August, You Bitch! I'm leaving you.

 July, August: these months were not fun without my laptop working, and hotly hot weather. Little family troubles piled onto that, a few biggies followed, and August refused to end or get better. I'd decided to skip right into September a week early, give the summer a rest, and it seemed September was obliging me, but no... the heat returned, as it did last summer's end, to twist my plans around one more time.

 Who, I ask, that is not in grade school or living on a beach, can enjoy summer anymore? If you like summer, I'm not sure we can still be friends. Okay, I'll try, but don't talk swimming, golfing or the glory of being outdoors to me, please. I gave my cat fleas by going outdoors this August.

 I gave my cat fleas!

 Now I'm in for three months of treatment tubes, plus all the extra cleaning we had to do. #@!% summer! Summer in Buffalo, the bitch goddess of Weather-That-Makes-You-Hate-the-Sun. I moved back to Buffalo for the cold, and what happens? Summer takes over and extends herself in all directions. Well, not on my watch, baby. I'm leaving you, and just to prove it, I'll turn on my oven tomorrow and BAKE AN APPLE PIE!!!! Crumb-topped, cinnamon rich, flaky fruited pie. How's that for Autumn-erotica?

 Okay, maybe Tuesday I'll bake; it's still too warm.

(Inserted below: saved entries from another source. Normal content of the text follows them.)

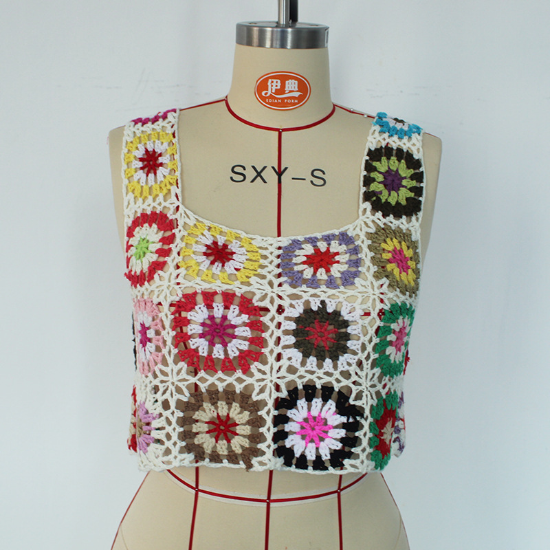 Hand Hook Floral Block Knitted Sling Lady Sexy Seaside Swimwear Vacation Bikini Small Sling Crochet hook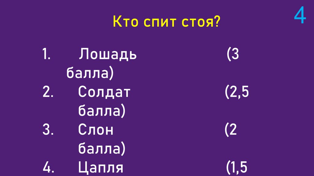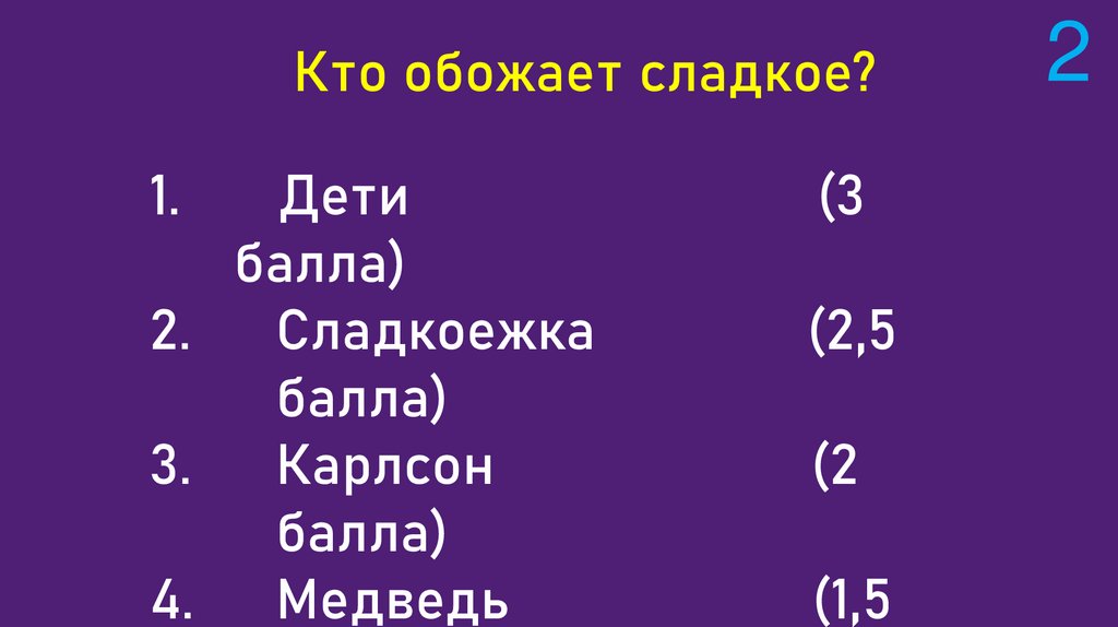 За каждый правильный ответ +1 балл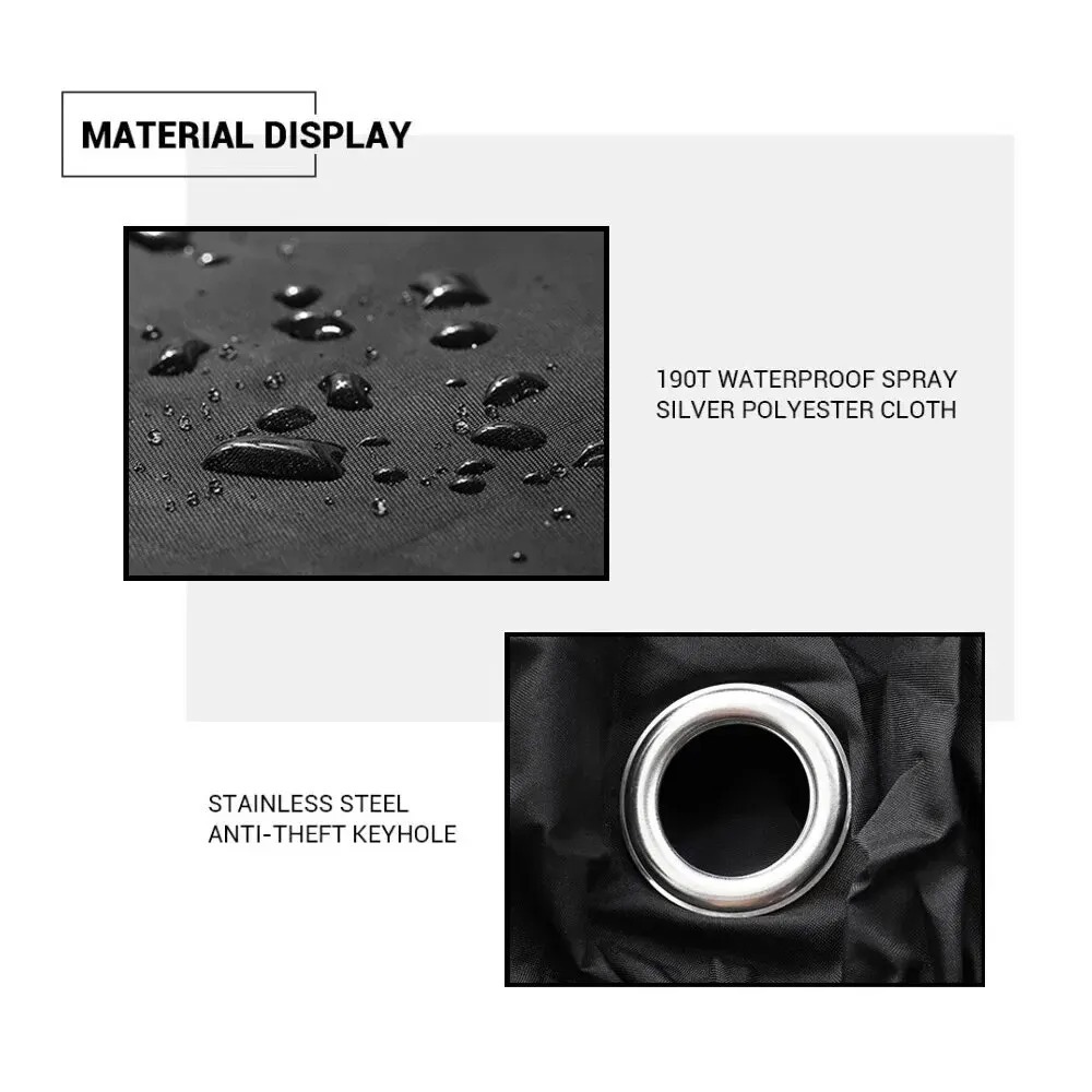 Constructed from durable 190T weather-resistant fabric, the cover protects against rain, sun exposure, dust, dirt, and UV rays, helping prevent fading, corrosion, and surface damage. The lightweight yet strong material allows for easy handling while remaining tough enough for daily outdoor use.

 As my carefully laid plans for that evil season just past were blown to hell,  I'm going to use this space, in September, for a purpose I normally wouldn't-- a writing blog about writing. Don't expect elegance, query techniques, or lofty meditations on the nature of art itself, unless I write a drunken post, one day.

 Let's get right into the shit, then.

 Say you're going along, getting things done, or at least moving your projects from stage to stage, when the clouds descend, and you can't go forwards, or backwards; in a ward, your stride has been broken. Could be something as annoying as a broken laptop (that was less than a year old, dammit!, so why did I have to have the motherboard replaced already?) or something personal/emotional, like having a friend/family member go off the deep end and drag you into their drama. Or, you approach the state of divorce, but pull back; or you could get sick.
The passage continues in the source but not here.